Olivia has exhibited across Southern Ontario, including at Tangled Art + Disability, the Art Gallery of Mississauga, Blackwood Gallery, and Centre[3]. She has participated in multiple residencies and received support from the Ontario Arts Council, the Canada Council for the Arts, and the Waterloo Region Arts Fund. Her work contributes to advancing accessible, sensory-diverse approaches within contemporary art.
Find more of her work online at @olivetreeonthemount and Olivia Brouwer.
Salima Punjani is a Montréal-based multisensory artist whose work explores connection, care, and sensory accessibility through immersive sound, touch, and interactive installation. With a background in social work, her practice blends art and relational ethics, transforming biological and everyday sensory data — such as heartbeats, brainwaves, or domestic soundscapes — into environments that invite rest, empathy, and shared experience.
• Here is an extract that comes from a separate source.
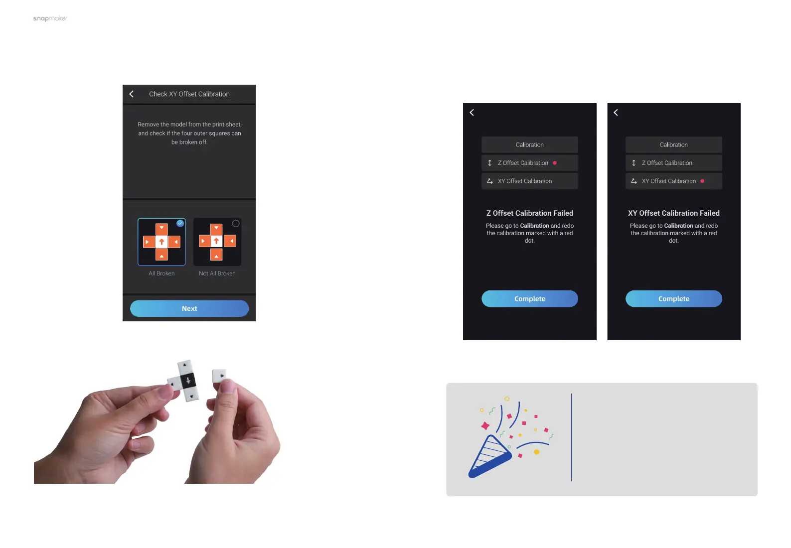 start printing. If not, the calibration failed will be marked with a red dot. Tap

Her projects, including Will You Pass the Salt? (PHI Foundation) and The Cost of Entry is a Heartbeat (Spatial Sound Institute, Budapest), consider multiple sensory entry points for people to experience the work. Working across sound, vibration, soft sculptures, multimedia and participatory storytelling, Salima creates spaces that challenge traditional sensory hierarchies, contributing to contemporary conversations on accessibility, intimacy, and multisensory artistic practice.
Find more of her work online at @picturesalima.
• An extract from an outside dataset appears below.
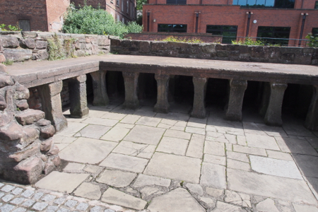 Liz took us on a quick tour, using the whispers. We started at the Grosvenor Shopping Center, a modern three-story mall with all the usual brand name stores – and free WCs. We walked Bridge St., a pedestrian street with second story shops called “the Rows.” In Victorian time (19th c.), deliveries to shops came on the ground level where the muddy streets were full of horse dung and slop poured from the upper floors of living spaces. The shops then were built on the level above the street and connected by a balcony walkway.

Willy Le Maitre is a Canadian interdisciplinary artist whose work in immersive media engages participants in perceptual experiences conjured through generative imagery, virtual and extended reality environments, and experimental sound. For over two decades, he has been recognized for a pioneering approach — creating artworks that challenge how audiences see, hear, and inhabit digital and physical space. Working at the intersection of art and technology, his practice investigates the fluid boundaries between virtuality and embodiment, deploying 3D imaging, spatialized sound, and sensory interventions to heighten perceptual awareness.
His installations and media works have been exhibited nationally and internationally in galleries, festivals, and research-driven art contexts. Le Maitre has collaborated with artists, designers, and scientists on projects that explore simulation, cognition, and the expanded field of sensory experience. Known for his inventive visual language and technical experimentation, he continues to influence Canada’s media-arts landscape. At the Haptic Horizons Art Symposium, he will share his insights into immersive environments, perception, and multisensory creative practice.
Find more of his work online at @really_le_maitre and Willy Le Maitre.
ABOUT THE CURATOR
David Bobier is a distinguished media artist, curator, and researcher based in London, Ontario. As a self-identified hard-of-hearing artist and parent to two Deaf children, his lived experience deeply informs his creative and advocacy practice. Bobier has dedicated his career to rethinking how art can be made, experienced, and accessed by Deaf, disabled, and sensory-diverse communities. He is the founder and director of VibraFusionLab, a multimedia, multisensory studio that researches and develops vibrotactile technologies as creative media. Under his leadership, VibraFusionLab has emerged as an international leader in accessible arts practices and inclusive design.
As an artist, Bobier has presented work in over 18 solo exhibitions and 30+ group shows across Canada, the U.S., Europe, and Central America. His practice explores vibration, sound visualization, sensory experience, and the intersection of technology and disability culture.
Find more of his work online at @VibraFusionLab.